Во многом трансформация психики воспринимающего означает то, что применительно к античной трагедии и называют катарсисом, предусматривающим переживание душевного возбуждения и его успокоительное разрешение. Однако, очевидно, что катарсис характерен уже для очистительных дионисийских культов, в которых очищение значило освящение или прикосновение к сакральному, божественному как следствию освобождения от агрессивных и разрушительных инстинктов. В. Иванов расшифровывает сакральный характер ритуального катарсиса:
Что же подлежало удалению из души служителя патетических культов путем очистительных действий, как его miasma? От чего должен был он очищаться? От присутствия в нем хтонической, хотя бы и благодатной, силы. Ее носитель не мог жить на свете солнечном, ни общаться со светлыми богами. Только когда круг его мистических претерпений замыкался очищением, восстановлялась связь его с государственным союзом отечества и с небесным городом олимпийских божеств. Уподобление богу хтоническому (mimesis pathus), соединение с ним (syngenesthai toi daimonioi), — приятие его в себя (enthusiasmos) — вот содержание культового «пафоса», священного претерпения божественных «страстей». Результат — полнота благодатного действия — «очищение», «катарсис»175.
Расшифровывая смысл катарсиса, В. Иванов обращает внимание на платоновское понимание экстаза как приобщения к богу и как одержимости божественным.

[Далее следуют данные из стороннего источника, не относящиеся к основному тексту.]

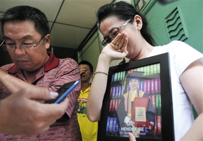 18日,一名印尼乘客的家屬在接受媒體采訪時痛哭。

Нельзя не отметить, что в античном мире трагедия возникает в эпоху перехода, в частности, перехода от архаического, религиозного устройства к устройству государственному и правовому. То, что раньше достигалось с помощью ритуала, сейчас, т. е. в секуляризированном обществе, происходит на основе закона. Секуляризированное общество отказывается от жертвоприношения как символического и ритуального способа достижения социального равновесия и стабильности. Однако чтобы социальный порядок утвердить заново, необходимы новые средства, а они должны пройти длительный этап становления. Пока же общество находится в ситуации перехода, жертвоприношение в его ритуальных формах оказывается малоэффективным. Трагедия рождается в момент кризиса ритуала как способа достижения порядка. Поэтому эстетическими средствами она пытается добиться того же, чего добивались с помощью ритуала как внехудожественного феномена. Р. Жирар справедливо замечает, что драма протагонистов оказывается лишь вершиной айсберга. Как и в случае с ритуалом, в трагедии на карту поставлена судьба всей общины176. Как и в архаические времена, в эпоху расцвета античной трагедии общество оказывается в ситуации вспышки взаимного насилия. Поскольку это так, то в данном случае не обойтись без фармака, смерть которого способна преодолеть угрожающее выживанию общины взаимное насилие. На этот раз жертвоприношение осуществляется в эстетической сфере. Тем не менее, эта последняя осуществляет функции ритуала.
Вместо того чтобы замещать изначальное коллективное насилие храмом и алтарем, на котором будет совершаться реальное убиение жертвы, люди устроили театр и сцену, на которой судьба этой «катармы», разыгранная актером, очистит зрителей от их страстей, вызовет новый катарсис — индивидуальный и коллективный, и тоже спасительный для общины177.
Собственно, перешедшая от ритуала к трагедии закономерность восприятия и воздействия в большей или меньшей степени оказывается реальной для зрелищ в их художественной форме на всем протяжении их истории, что свидетельствует о их функционировании не только как эстетического явления, но и как социального института, действующего по принципу компенсации, а потому и эффективного для выживания культур и цивилизаций.